Amazing post Trey, as usual. This is a very comprehensive list. I can't think of any other important function missing. My students will love this :)

Thanks Santiago! :)

This article covers a lot of good material and I like the breakdown of categories from essential > maybe you'll look this up some day.

My one minor suggestion would be to cover getattr and related methods sooner. I stumbled across that one pretty early on as I was learning programming and it was a serious "Ah ha!" moment. Dynamic lookups with a sensible default value are useful in countless contexts.

> Many Python users rarely create classes. Creating classes isn’t an essential part of Python, though many types of programming require it.

Huh. Okay.

It totally depends on the kind of work you're doing. My first few years with Python I never defined a class. I (and imagine most people) were working on code get from a to b. There's a lot of that kind of work to be had. Only later when I started writing modules and libraries did I need to.

I also spent years writing Python scripts without a single class. I didn't really understand the point of objects at all. I used them because they were part of library interfaces, but I never created them. The scripts didn't have to manage much state, so writing everything in a pure-functional style worked fine. Nobody could really explain to me what objects were all about - all the arguments seemed to apply equally to functional programming ("re-use", "encapsulation" etc).

Then I had to write a piece of software that heavily interacted with various bits of physical hardware, each with masses of state (serial communication and so forth). Suddenly the need for isolating state became terribly obvious. After seeing how some libraries did it, I wrote a class for every bit of hardware that abstracted the state away and provided a functional interface. It all worked terribly well, and it was a real lightbulb moment for me.

You could have still kept the massive state in a dict or a list or a tuple and passed that dict around from one function to another, could you not? Why did it become necessary to implement classes?

Because I don't want to "pass around" the state - I want to hide it.
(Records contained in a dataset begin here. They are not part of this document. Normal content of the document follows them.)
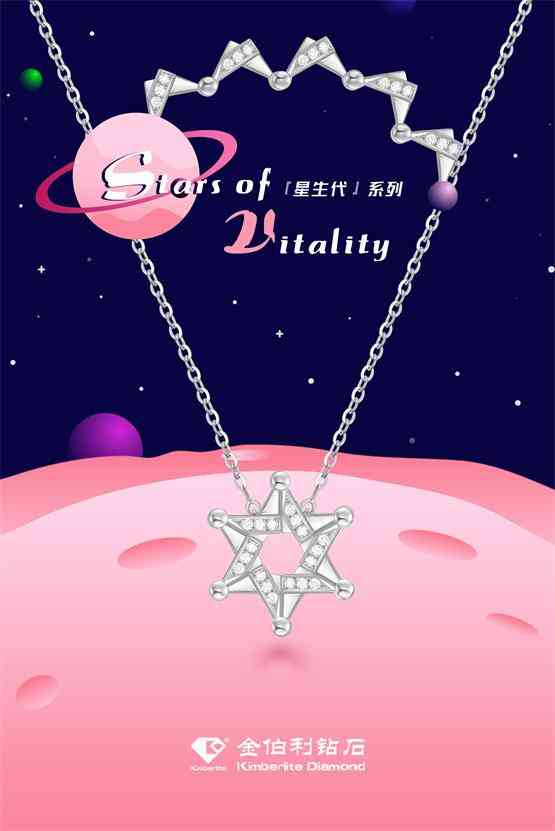 星星閃耀無比,鉆石代表著永恒,金伯利鉆石Stars of Vitality“星生代”系列吊墜的靈感源自鉆石和星光,該系列就像浩瀚星空中最亮的星,閃耀和指引著方向,激勵小仙女們迎接全新的自己。
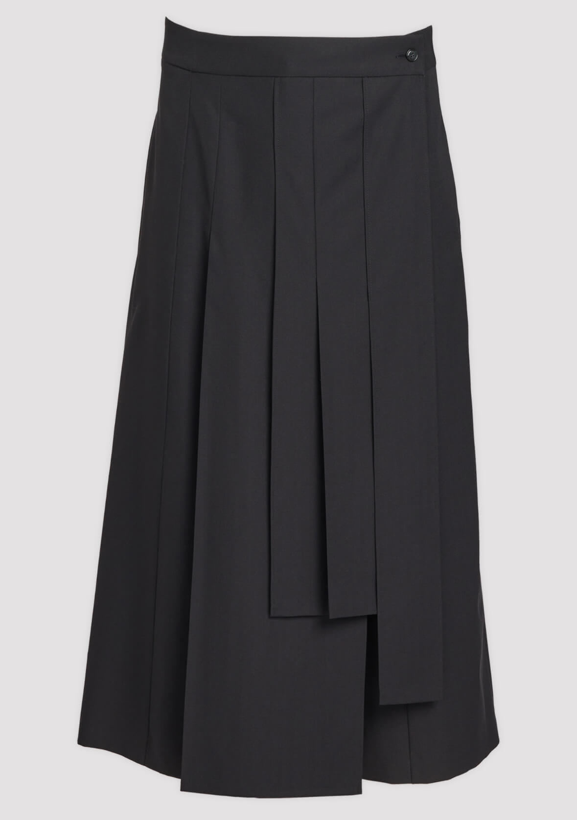 Rebelský kousek, který vzdává poctu odvážnému a nebojácnému stylu. Na první pohled minimalistická součást šatníku skrývá mnoho detailů vyprávějící hned několik příběhů. Přední skládaná část evokuje skotské sukně, po odepnutí však odhalí klasicky střižené kalhoty. Zadní kapsy a puky odkazují na formální střih, přední sukně současně buduje osobitý styling.
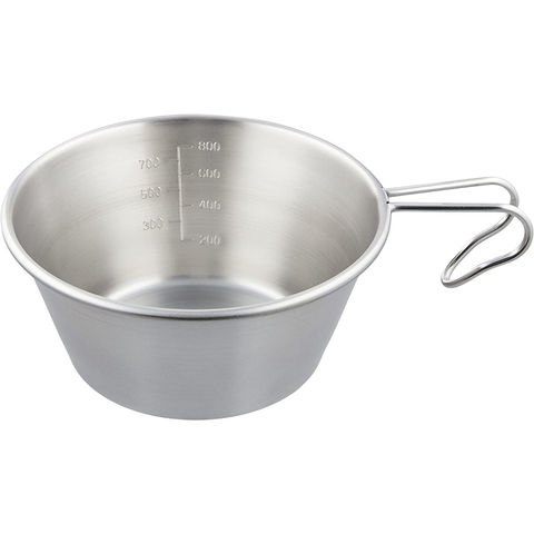 金物の町、燕三条で生産しています.フィールドでのアクティブシーンに応える、シンプル、ベーシック機能をコンセプトにしたシェラカップ.優れた耐久性のある 18-8 ステンレスを採用.小さな鍋としても使用できるビッグサイズ.計量に便利な目盛付.積み重ねができて、すっきり収納できます.
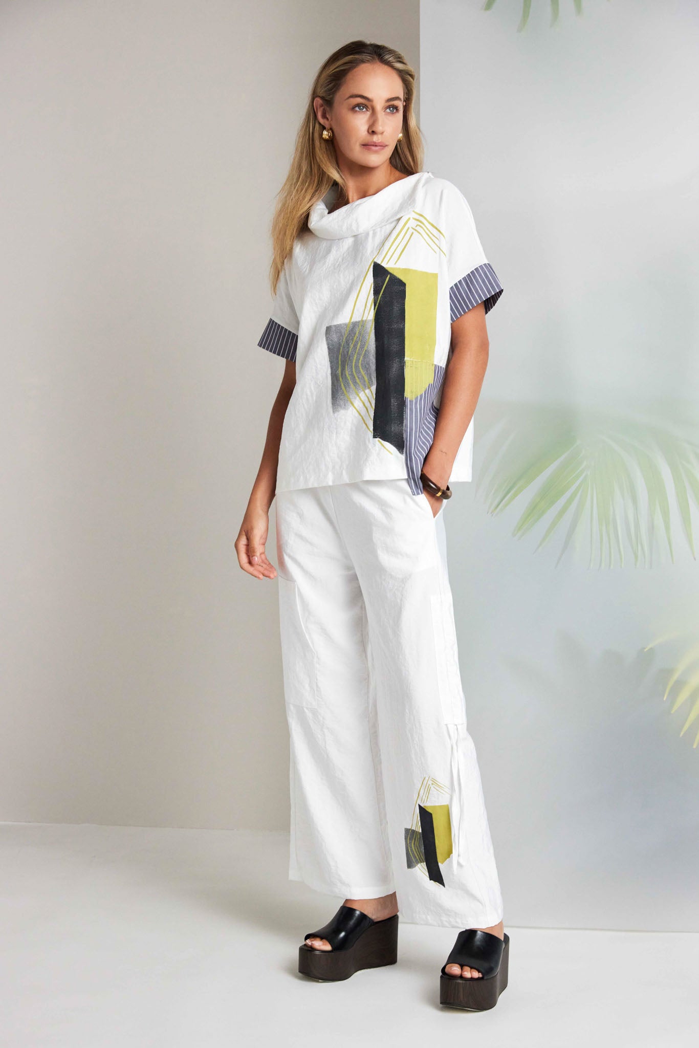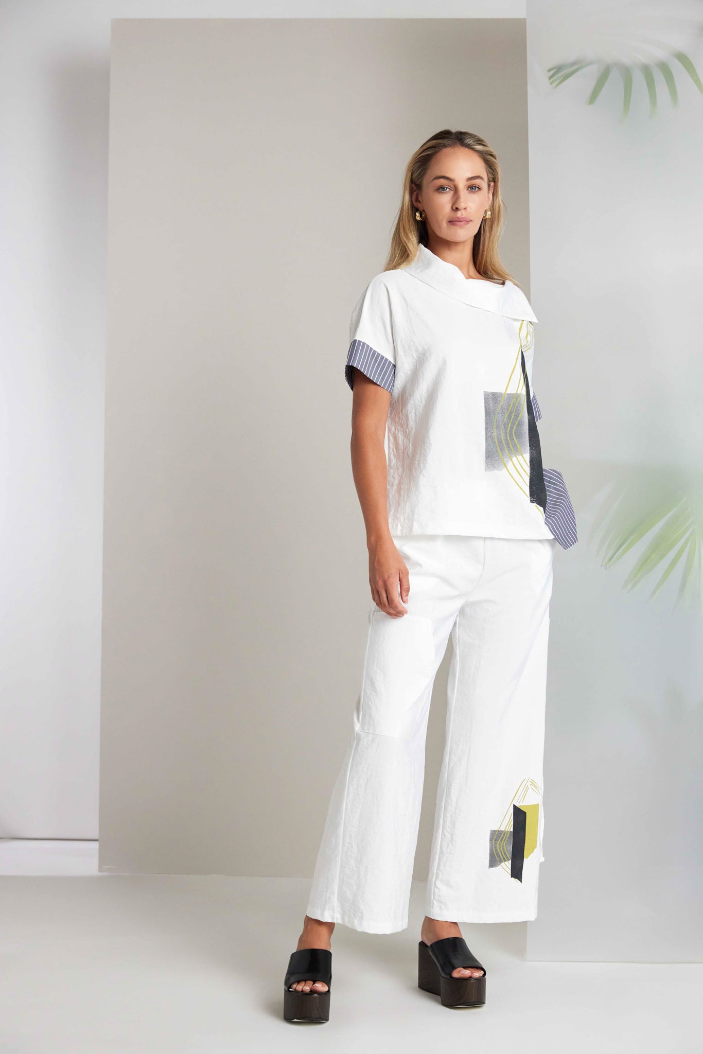 The NAYA trim fold top edges ahead thanks to the wrap collar, short sleeves and an ever so slightly dipping hem. All playing a supporting role to an exquisite graphic print.

Yes, of course it's possible to mingle the state in all the rest of the program, just like it's possible to scatter gotos everywhere instead of using structured control flow. But what I really want is to call EnablePowerSupply(), rapidly followed by SetVoltage(30), and have all the messy business of statefully talking over a serial port (and not having commands stomp on each other) neatly abstracted away. EnablePowerSupply and SetVoltage need to share state to do that. That could indeed be done by passing an extra parameter - EnablePowerSupply(blobOfState) and SetVoltage(blobOfState, 30) - but that's basically exactly what objects are syntactic sugar for in Python. Only blobOfState is more usually called "self".
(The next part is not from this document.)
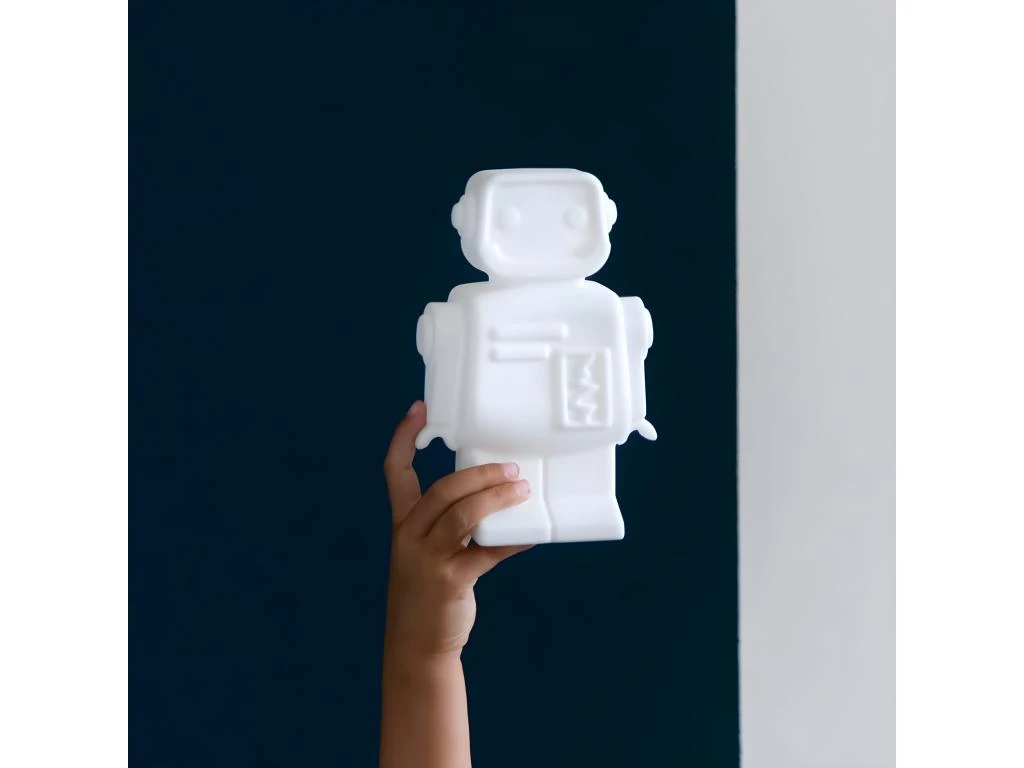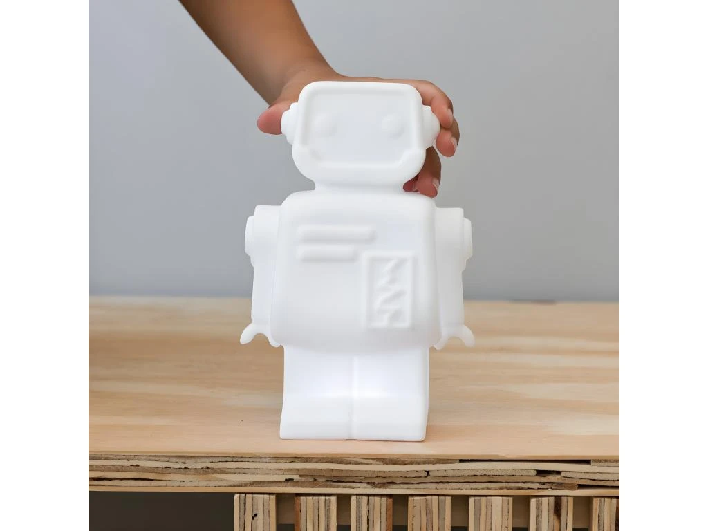 Une jolie lampe veilleuse pour la chambre de votre enfant. Hero le robot deviendra l’ami qui vous surveille la nuit. Un minuteur de 15 minutes permet de s’endormir tranquillement. Dimensions : 33.5 x 29 x 20cm Matière : pvc Câble de recharge inclus Autonomie de 10 Ă 20h

Oh, and of course there's not one, but half a dozen power supplies. You could pass around the blobs of state seperately of course, but now you have to manage their scope independently from the functions that operate on them - a useless decoupling that adds overhead. What I ended up with was something like:

[psu.enable() for psu in psus]

Which you can always do, whenever psus is within scope. Hard to get terser and more idiomatic than that.

I know it's a contrived example, but it's worth pointing out that using comprehensions to cause side effects is considered by some to be at least unPythonic and at worst an abuse of the construct.

I know this because I wanted to do the same thing and have looked all over for a justification for it. In this case most people seem to agree that the bog standard for loop is the way to go:

    for psu in psus:
Some people (my boss) will even put it on a single line, so you don't lose much terseness.

I think the rule of thumb is don't use a list comprehension unless you're going to use the list afterwards, else you're wasting an allocation.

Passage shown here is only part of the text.